--- Information supplied ---
++++++++
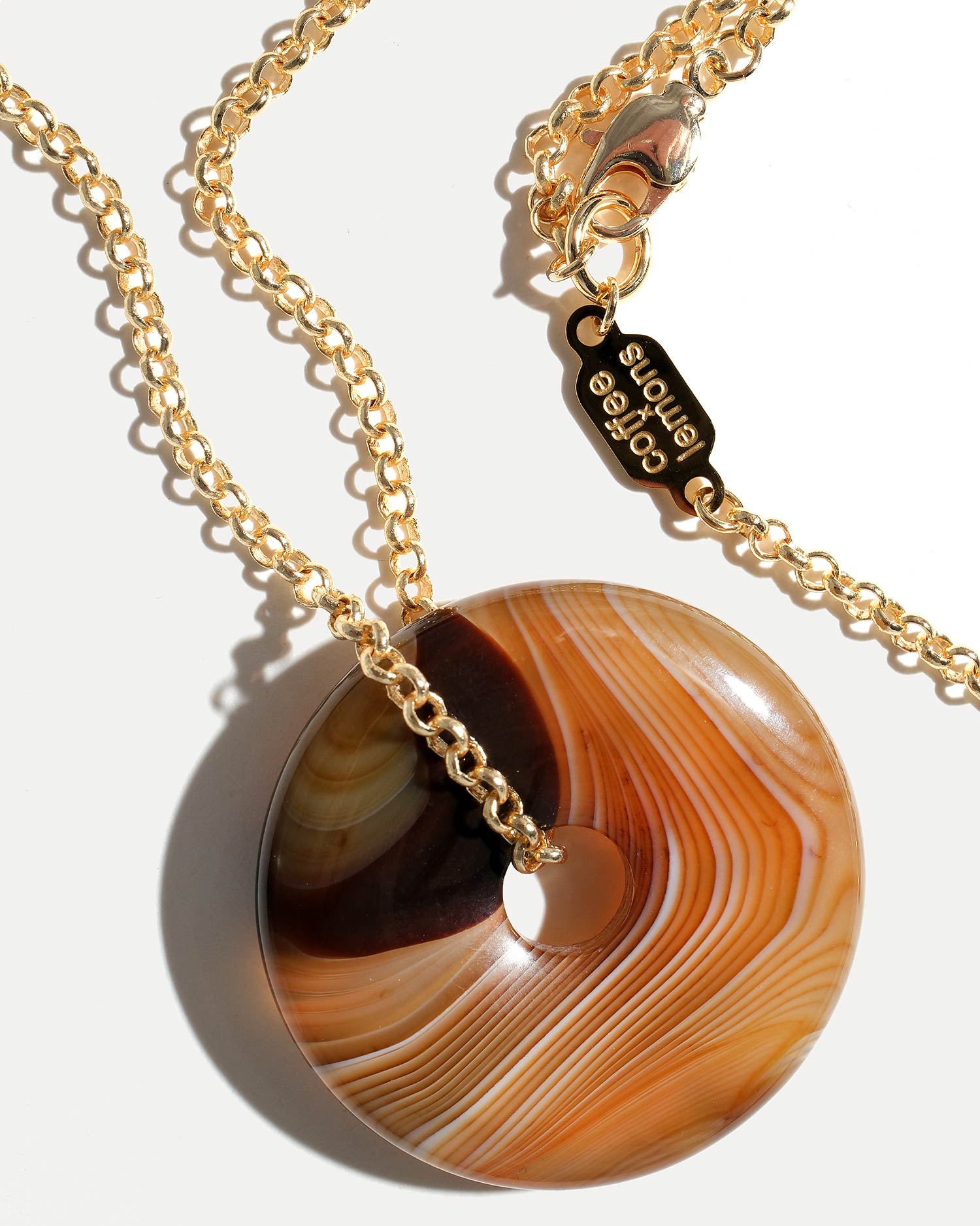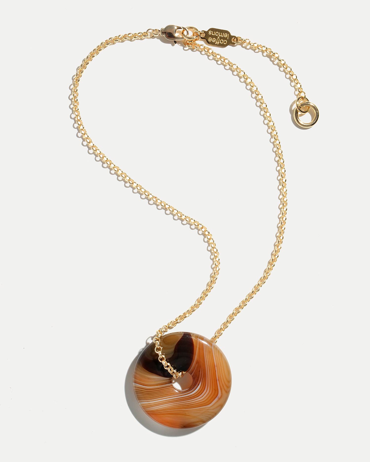 Колье выполнено из ювелирного сплава, покрытого 18К золотом, и агата.
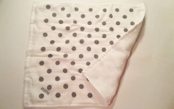 ハンカチの大きさは 高さ35cm  x  底直径31cm  で素材はガーゼとタオル地のコンビです。
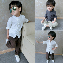 春款儿童棉麻复古中式衬衣宝宝春装男童盘扣衬衫小童女童汉服童装
++++++++
--- Your objective ---
Print the material in full and exactly; the pictures must not be printed.

--- Reply to the task ---
 Колье выполнено из ювелирного сплава, покрытого 18К золотом, и агата.
 ハンカチの大きさは 高さ35cm  x  底直径31cm  で素材はガーゼとタオル地のコンビです。
 春款儿童棉麻复古中式衬衣宝宝春装男童盘扣衬衫小童女童汉服童装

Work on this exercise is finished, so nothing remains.